# Merge tables



## Bilingual (Feb 23, 2012)

Hi, i have a very simple question, how do you merge two Excel 2010 tables in separate files with each other? - is there a simple way to do so?

I have tried with UNION ALL SELECT *  but i wont connect to the second file even though the path is correct.

They have  two variables in common, Month and year.


----------



## dhExcel (Feb 23, 2012)

The beauty of PowerPivot is that you do not have to merge tables. You just connect to both of them. If your goal really is to merge tables, however , your question then would not be appropriate for this section.


----------



## Bilingual (Feb 23, 2012)

dhExcel said:


> The beauty of PowerPivot is that you do not have to merge tables. You just connect to both of them. If your goal really is to merge tables, however , your question then would not be appropriate for this section.


<

I am sorry, i am not native english speaking so i might not express myself clearly. 

I have tried to read how to create a common pivot table from total data from both tables, but each time i try to connect the two files, instead of the common variables i pivot, i get two set of variables for each dataset.


----------



## MD610 (Feb 23, 2012)

If I am understanding correctly, month and year are the 2 common fields between the tables.  I am also assuming that each table has separate fields called month and year.

You can try using =concatenate to create a new column in each table (in the PowerPivot window) and then use this newly created column in each table for your relationship.

For a PowerPivot relationship, one of the tables must contain unique values in the join field, so if this is not the case after you create a new MonthYear field in each table, you could try creating a 3rd table that simply lists unique MonthYears.  Then relate both your original tables to this new 3rd table of unique MonthYears.


----------



## Bilingual (Feb 24, 2012)

Hi again! 
I am quite experienced in Excel and Pivot tables, but using Power pivot is for me another planet!
My big hurdle is that i do not know where to start when i want to connect to tables and create a common pivot table.
Lets go back to basic and say that i :

1. Have a single Excel file with two sheets

2. This Excel file has month-year in common in a table and i want to jo these so i can create a common pivot.

Where do i start?


----------



## MD610 (Feb 24, 2012)

There are many good resources on the web as well as various books that can give the the basics of PowerPivot in detail.

In general, you need to make sure you have the free PowerPivot add-in installed and activated. You should see a PowerPivot menu in the ribbon.

Then click on a cell in your first table, go to the PowerPivot menu and select Create Linked Table under Excel Data.
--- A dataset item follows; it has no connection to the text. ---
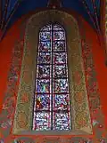 After the end of World War II, the new parish priest, Father Franciszek Hanelt proceeded to heal war damage and renovate the temple. In 1950, the Madonna and the Rose was moved for conservation to Nicolaus Copernicus University in Toruń.[7] The renovation of the stained glass was realized by Edward Kwiatkowski, lecturer at the Faculty of History and Art of Toruń and a student of Henryk Jackowski-Nostitz, who directed the polychromy of the church before the war, through his stained-glass studio "Polichromia" in Poznań: the technique followed was the one used in the 13th century on Gothic stained-glass windows of the Sainte-Chapelle in Paris.[8] Works at the church lasted from 1952 to 1954.[9]

This imports the worksheet into PowerPivot and should automatically open the PowerPivot window which is separate from your excel worksheets. Repeat the same process for your second worksheet.

Once both are loaded to PowerPivot, in the PowerPivot window, go to the Design menu in the ribbon. Select Create Relationship and follow the steps to join the tables. It sounds like you will have to follow the steps in my previous post and either concatenate your month and year fields (directly in the PowerPivot window by going to the last column of your tables and adding a new field) or create a third unique table of dates (in excel and then import to PowerPivot like you did with your original tables) so that you have at least one table with a unique join key.


----------



## Bilingual (Feb 27, 2012)

Thanks i try that, i have also ordered a book which can guide me through powerpivot.


----------